* **Work task**: The listing is to be returned word for word, without its images.

* **Collected data**:
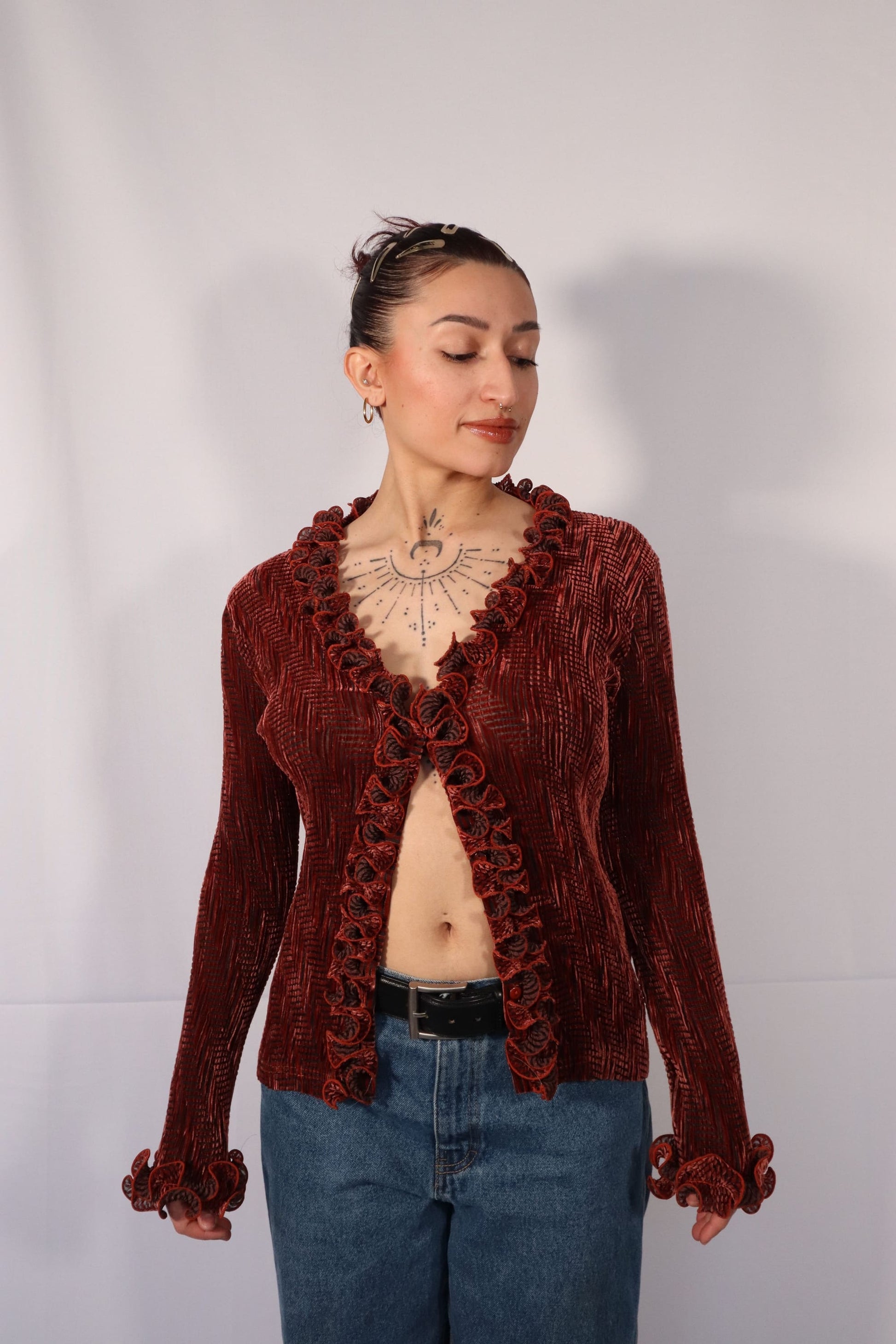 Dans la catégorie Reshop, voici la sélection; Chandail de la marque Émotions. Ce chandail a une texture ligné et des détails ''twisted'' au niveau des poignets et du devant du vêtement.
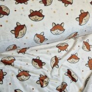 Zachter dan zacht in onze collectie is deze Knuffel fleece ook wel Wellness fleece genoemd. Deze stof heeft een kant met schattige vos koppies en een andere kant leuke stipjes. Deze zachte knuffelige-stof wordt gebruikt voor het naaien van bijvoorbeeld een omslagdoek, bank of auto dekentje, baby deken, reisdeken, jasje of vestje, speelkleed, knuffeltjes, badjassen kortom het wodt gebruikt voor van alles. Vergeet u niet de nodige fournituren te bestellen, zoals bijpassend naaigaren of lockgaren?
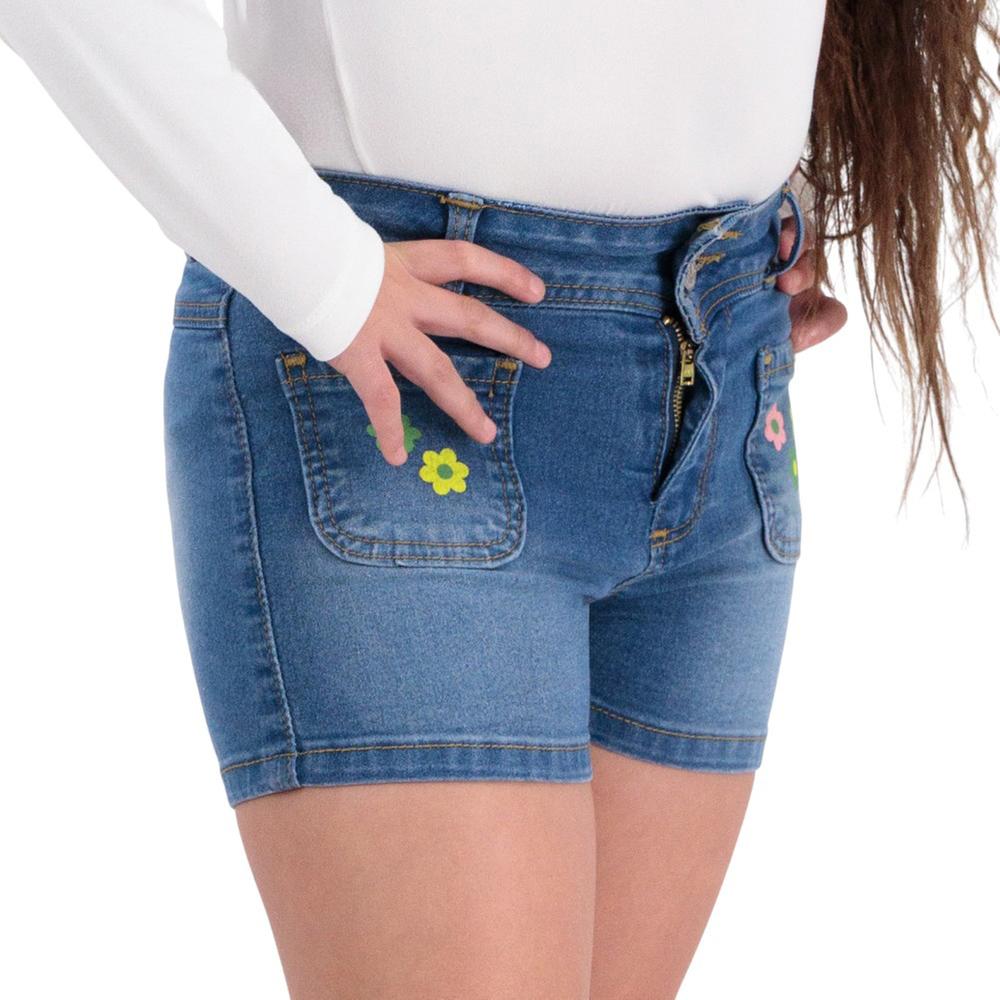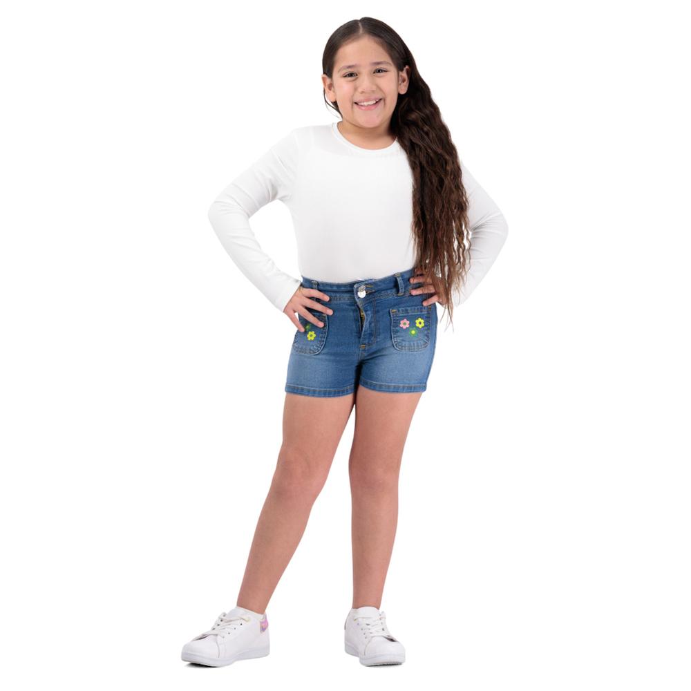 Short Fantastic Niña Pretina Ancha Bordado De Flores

* **Response to the task**:
 Dans la catégorie Reshop, voici la sélection; Chandail de la marque Émotions. Ce chandail a une texture ligné et des détails ''twisted'' au niveau des poignets et du devant du vêtement.
 Zachter dan zacht in onze collectie is deze Knuffel fleece ook wel Wellness fleece genoemd. Deze stof heeft een kant met schattige vos koppies en een andere kant leuke stipjes. Deze zachte knuffelige-stof wordt gebruikt voor het naaien van bijvoorbeeld een omslagdoek, bank of auto dekentje, baby deken, reisdeken, jasje of vestje, speelkleed, knuffeltjes, badjassen kortom het wodt gebruikt voor van alles. Vergeet u niet de nodige fournituren te bestellen, zoals bijpassend naaigaren of lockgaren?
 Short Fantastic Niña Pretina Ancha Bordado De Flores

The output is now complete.